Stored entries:
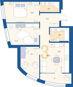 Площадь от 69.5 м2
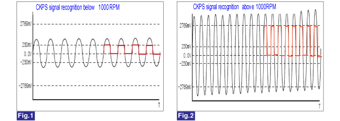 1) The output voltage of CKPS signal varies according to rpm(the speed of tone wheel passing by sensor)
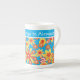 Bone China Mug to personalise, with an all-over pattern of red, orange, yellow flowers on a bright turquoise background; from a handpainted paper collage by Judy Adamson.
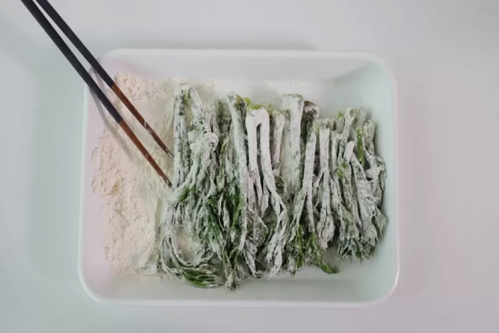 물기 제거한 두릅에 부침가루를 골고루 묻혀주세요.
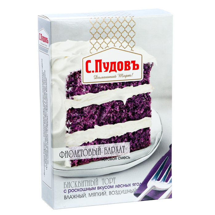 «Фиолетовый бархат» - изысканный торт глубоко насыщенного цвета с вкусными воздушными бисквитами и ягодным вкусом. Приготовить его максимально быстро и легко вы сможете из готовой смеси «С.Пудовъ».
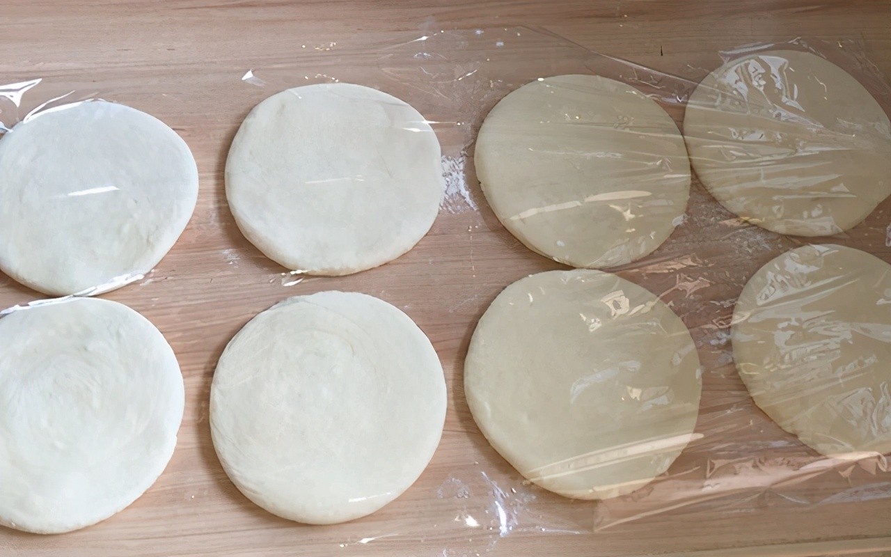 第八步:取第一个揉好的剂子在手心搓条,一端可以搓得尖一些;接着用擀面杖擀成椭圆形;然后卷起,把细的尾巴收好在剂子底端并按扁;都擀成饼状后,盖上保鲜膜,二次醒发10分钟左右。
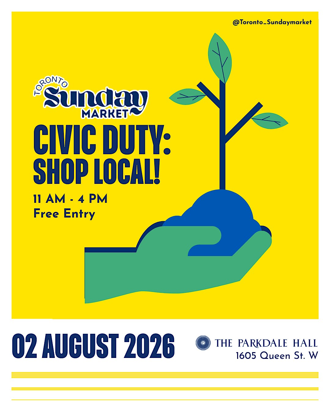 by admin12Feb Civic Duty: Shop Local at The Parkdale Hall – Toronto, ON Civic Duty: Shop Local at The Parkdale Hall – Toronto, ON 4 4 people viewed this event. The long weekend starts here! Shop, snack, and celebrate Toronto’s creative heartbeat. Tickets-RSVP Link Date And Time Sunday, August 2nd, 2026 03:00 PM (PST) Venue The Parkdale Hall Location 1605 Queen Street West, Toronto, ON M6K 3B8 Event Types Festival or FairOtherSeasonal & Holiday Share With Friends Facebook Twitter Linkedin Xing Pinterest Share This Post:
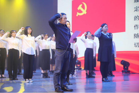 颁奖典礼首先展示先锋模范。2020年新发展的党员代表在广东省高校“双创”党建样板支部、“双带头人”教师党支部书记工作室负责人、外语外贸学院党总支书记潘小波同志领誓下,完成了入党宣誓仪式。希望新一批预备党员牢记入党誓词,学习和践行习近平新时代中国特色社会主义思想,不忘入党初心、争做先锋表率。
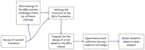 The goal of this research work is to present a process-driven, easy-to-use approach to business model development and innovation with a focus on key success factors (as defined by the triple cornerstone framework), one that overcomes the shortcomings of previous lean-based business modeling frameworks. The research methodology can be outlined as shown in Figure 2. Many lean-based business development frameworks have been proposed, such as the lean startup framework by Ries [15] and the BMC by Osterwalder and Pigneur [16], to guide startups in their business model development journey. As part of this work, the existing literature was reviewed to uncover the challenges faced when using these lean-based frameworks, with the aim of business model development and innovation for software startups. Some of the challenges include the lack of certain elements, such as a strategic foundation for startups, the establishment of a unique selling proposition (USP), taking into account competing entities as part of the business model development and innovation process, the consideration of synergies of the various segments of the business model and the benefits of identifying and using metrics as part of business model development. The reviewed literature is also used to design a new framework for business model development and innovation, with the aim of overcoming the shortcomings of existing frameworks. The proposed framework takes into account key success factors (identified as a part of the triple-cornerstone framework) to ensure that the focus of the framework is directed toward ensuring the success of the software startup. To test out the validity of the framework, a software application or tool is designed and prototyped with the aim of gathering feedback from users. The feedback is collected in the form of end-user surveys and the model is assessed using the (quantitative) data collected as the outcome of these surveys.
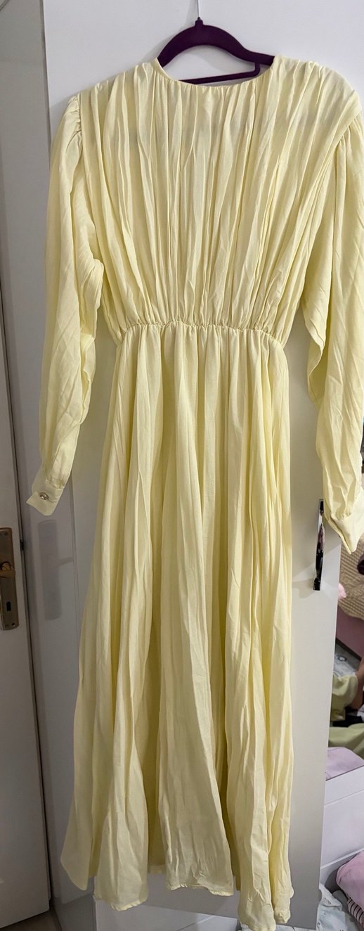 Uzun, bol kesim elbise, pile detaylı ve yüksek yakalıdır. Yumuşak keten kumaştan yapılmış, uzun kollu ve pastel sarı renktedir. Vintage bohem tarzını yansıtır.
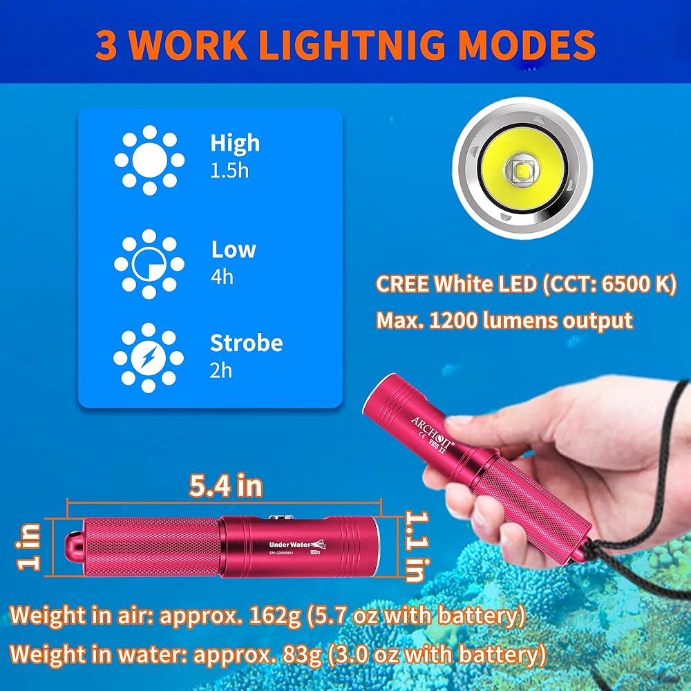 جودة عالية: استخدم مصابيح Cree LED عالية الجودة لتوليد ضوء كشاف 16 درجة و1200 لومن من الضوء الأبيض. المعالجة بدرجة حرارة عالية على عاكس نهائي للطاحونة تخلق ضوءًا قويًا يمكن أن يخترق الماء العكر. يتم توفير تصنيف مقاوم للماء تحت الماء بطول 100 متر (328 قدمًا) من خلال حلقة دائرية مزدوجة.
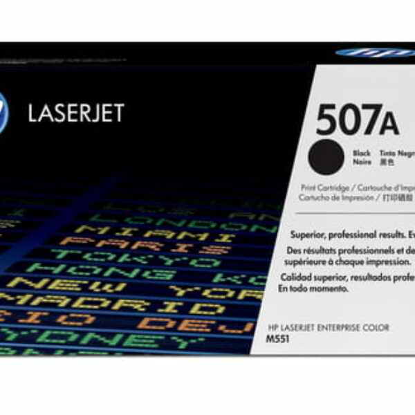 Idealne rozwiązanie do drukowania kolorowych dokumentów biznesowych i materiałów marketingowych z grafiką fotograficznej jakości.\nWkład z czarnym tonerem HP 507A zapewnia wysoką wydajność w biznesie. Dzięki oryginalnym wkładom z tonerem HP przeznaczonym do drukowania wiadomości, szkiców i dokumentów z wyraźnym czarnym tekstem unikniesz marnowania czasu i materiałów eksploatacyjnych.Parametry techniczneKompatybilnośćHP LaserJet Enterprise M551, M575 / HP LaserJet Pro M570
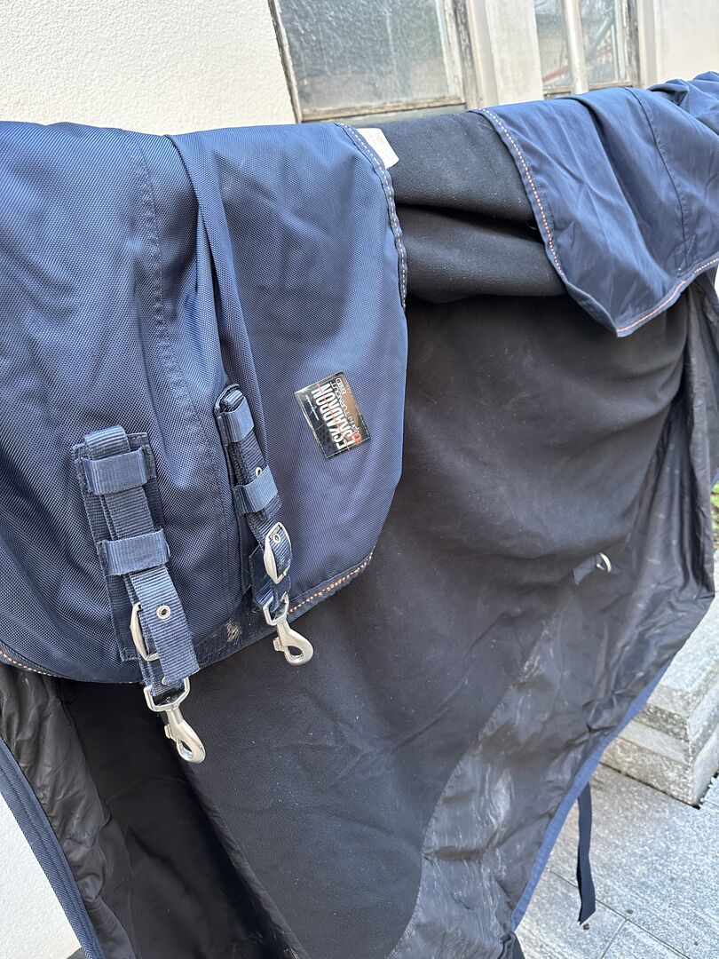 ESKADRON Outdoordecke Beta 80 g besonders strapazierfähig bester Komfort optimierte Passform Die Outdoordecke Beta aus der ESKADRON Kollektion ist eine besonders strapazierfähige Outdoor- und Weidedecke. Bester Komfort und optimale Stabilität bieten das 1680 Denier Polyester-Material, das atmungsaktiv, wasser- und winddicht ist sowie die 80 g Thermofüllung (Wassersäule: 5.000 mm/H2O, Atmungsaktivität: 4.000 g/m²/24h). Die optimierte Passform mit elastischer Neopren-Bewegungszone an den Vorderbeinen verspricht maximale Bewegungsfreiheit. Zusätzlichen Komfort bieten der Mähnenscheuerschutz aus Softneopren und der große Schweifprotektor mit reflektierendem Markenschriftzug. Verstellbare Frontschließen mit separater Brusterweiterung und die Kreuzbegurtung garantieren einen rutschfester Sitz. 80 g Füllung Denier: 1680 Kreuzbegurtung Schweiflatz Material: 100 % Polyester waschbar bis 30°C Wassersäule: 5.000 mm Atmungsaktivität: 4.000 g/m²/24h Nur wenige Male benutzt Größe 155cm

• Problem to solve:
Repeat the lines above, starting at the first and stopping after the line that holds "颁奖典礼首先展示先锋模范。2", with the pictures left out.

• Response area:
 Площадь от 69.5 м2
 1) The output voltage of CKPS signal varies according to rpm(the speed of tone wheel passing by sensor)
 Bone China Mug to personalise, with an all-over pattern of red, orange, yellow flowers on a bright turquoise background; from a handpainted paper collage by Judy Adamson.
 물기 제거한 두릅에 부침가루를 골고루 묻혀주세요.
 «Фиолетовый бархат» - изысканный торт глубоко насыщенного цвета с вкусными воздушными бисквитами и ягодным вкусом. Приготовить его максимально быстро и легко вы сможете из готовой смеси «С.Пудовъ».
 第八步:取第一个揉好的剂子在手心搓条,一端可以搓得尖一些;接着用擀面杖擀成椭圆形;然后卷起,把细的尾巴收好在剂子底端并按扁;都擀成饼状后,盖上保鲜膜,二次醒发10分钟左右。
 by admin12Feb Civic Duty: Shop Local at The Parkdale Hall – Toronto, ON Civic Duty: Shop Local at The Parkdale Hall – Toronto, ON 4 4 people viewed this event. The long weekend starts here! Shop, snack, and celebrate Toronto’s creative heartbeat. Tickets-RSVP Link Date And Time Sunday, August 2nd, 2026 03:00 PM (PST) Venue The Parkdale Hall Location 1605 Queen Street West, Toronto, ON M6K 3B8 Event Types Festival or FairOtherSeasonal & Holiday Share With Friends Facebook Twitter Linkedin Xing Pinterest Share This Post:
 颁奖典礼首先展示先锋模范。2020年新发展的党员代表在广东省高校“双创”党建样板支部、“双带头人”教师党支部书记工作室负责人、外语外贸学院党总支书记潘小波同志领誓下,完成了入党宣誓仪式。希望新一批预备党员牢记入党誓词,学习和践行习近平新时代中国特色社会主义思想,不忘入党初心、争做先锋表率。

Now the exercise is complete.